O autor relata algumas características da reorientação curricular do curso de graduação da Faculdade de Medicina da Universidade de São Paulo, apresentando as cargas horárias dos Departamentos que integram a graduação em Medicina. A carga horária total é de 11.040 horas, sendo 8.520 horas (77, 17%) destinadas à Faculdade de Medicina. As áreas fundamentais da formação profissional do aluno (Clínica Médica, Clínica Cirúrgica, Pediatria, Tocoginecologia e Clínica de Moléstias Infecciosas e Parasitárias) detém 50, 72% do total da graduação. Os estágios em emergência somam 900 horas (8,15% da graduação). O autor comenta, também, a carga horária restrita do Departamento de Psiquiatria, bem como das disciplinas oferecidas no Centro de Saúde Escola.

Abstract:

Number of hours accomplished by all departments in the curriculum structure of undergraduation in Medicine, University of São Paulo School of Medicine.

Some of the characteristics of the curriculum reorientation of the course of medicine, University of São Paulo School of Medicine, as well as the number of hours accomplished by all the departments which integrate the course of medicine are reported. The number of hours sums up to 11,040 hours, 8,520 (77, 17%) offered by the School of Medicine. The fundamental areas for the professional formation of the students (Clinical Medicine, Surgery, Pediatrics, Tocogynecology and lnfectious and Parasitological Diseases) represent 50,72% of the course. Training periods in emergency amount to 900 hours (8,15% of the course). The number of hours accomplished by the Psychiatry Department, as well as by the disciplines belonging to the Health Center- School are also commented.
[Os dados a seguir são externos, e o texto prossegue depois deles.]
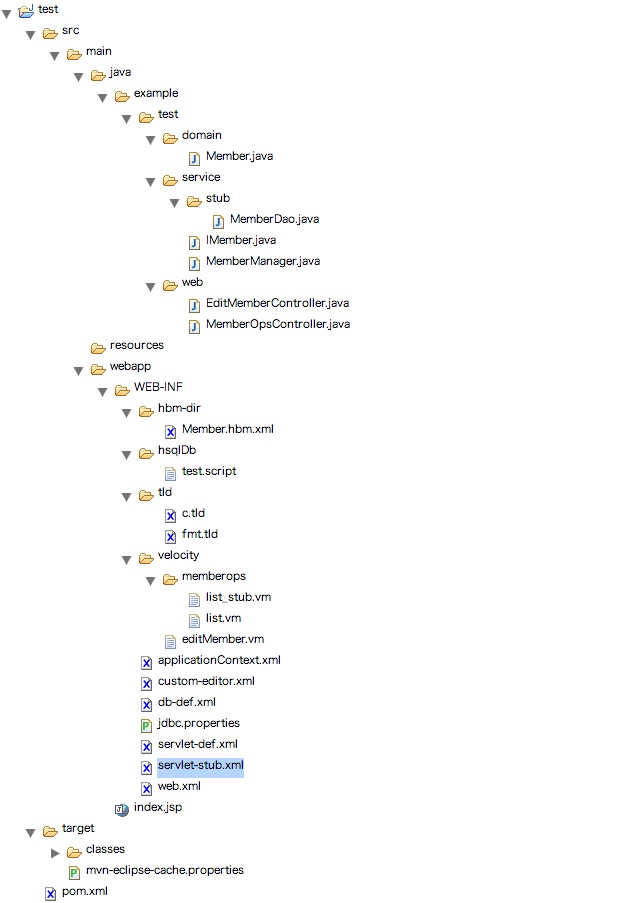 warファイルは、target/test.warに生成されます。 これをtomcatのwebappsにコピーします。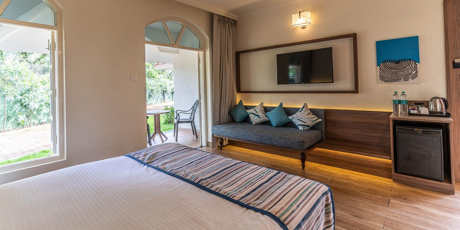 • Return Transfers from Dabolim airport by air-conditioned Sedan vehicle. From Mopa airport there will be an additional charge of Rs.3499/- (Per Way)

Em outubro de 1983, as Congregações da Faculdade de Medicina, do Instituto de Ciências Biomédicas, do Instituto de Química e do Instituto de Biociências, aprovaram a reorientação do currículo de Graduação em Medicina na Universidade de São Paulo. Tal reorientação tinha como propósitos, entre outros, a aproximação dos cursos básico e clínico, o aprimoramento do ensino de fisiopatologia e de propedêutica, a consolidação do aprendizado em Clínica Médica Geral e Clínica Cirúrgica Geral e a for­mação geral do graduado através do aprendizado em Clínica Médica, Clínica Cirúrgica, Pediatria, Tocoginecologia e Moléstias Infecciosas e Parasitárias.
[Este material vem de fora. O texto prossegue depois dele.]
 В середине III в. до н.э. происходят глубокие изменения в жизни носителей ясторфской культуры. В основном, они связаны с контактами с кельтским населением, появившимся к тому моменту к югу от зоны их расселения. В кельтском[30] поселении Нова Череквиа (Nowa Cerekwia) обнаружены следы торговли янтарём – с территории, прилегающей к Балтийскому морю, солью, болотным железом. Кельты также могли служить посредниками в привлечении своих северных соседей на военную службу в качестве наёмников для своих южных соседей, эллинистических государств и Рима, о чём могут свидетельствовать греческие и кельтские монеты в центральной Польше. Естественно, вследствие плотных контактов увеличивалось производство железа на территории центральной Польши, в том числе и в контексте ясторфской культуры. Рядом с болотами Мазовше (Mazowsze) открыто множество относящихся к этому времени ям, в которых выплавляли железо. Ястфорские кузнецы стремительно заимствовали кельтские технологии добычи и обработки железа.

O objetivo geral da graduação em Medicina estabelecido pela orientação curricular é habilitar o aluno para:

  1. Prestar assistência ambulatorial à criança sadia, promovendo a manutenção e proteção contínua de sua saúde.

  2. Prestar assistência a mulheres durante o ciclo grávido­puerperal e a recém-nascidos.
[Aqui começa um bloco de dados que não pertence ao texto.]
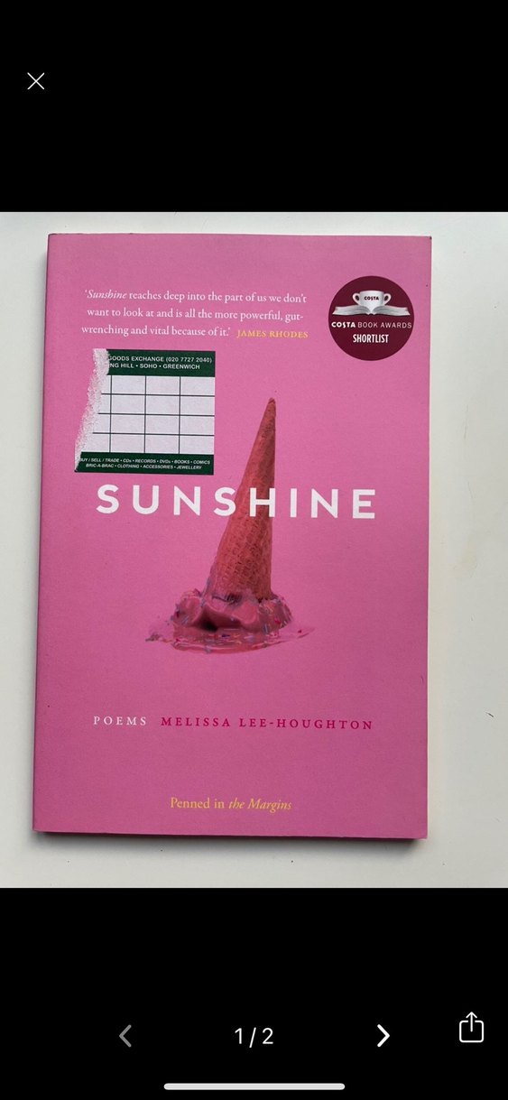Melissa Lee-Houghton'ın Sunshine adlı şiir kitabı, güçlü ve etkileyici dizelerle derin duyguları anlatıyor. Costa Kitap Ödülleri'nde kısa listeye girmiştir.ingilizce

  3. Prestar assistência a crianças e adultos, em atendimento ambulatorial ou em regime de internação hospitalar, portadores das doenças mais frequentes, de acordo com a demanda verificada em:

  • Centros de Saúde

  • Ambulatórios Gerais

  • Enfermarias Gerais

  • Unidades de Emergência

  1. Reconhecer os pacientes em estado crítico, mobilizando imediatamente recursos para o seu atendimento.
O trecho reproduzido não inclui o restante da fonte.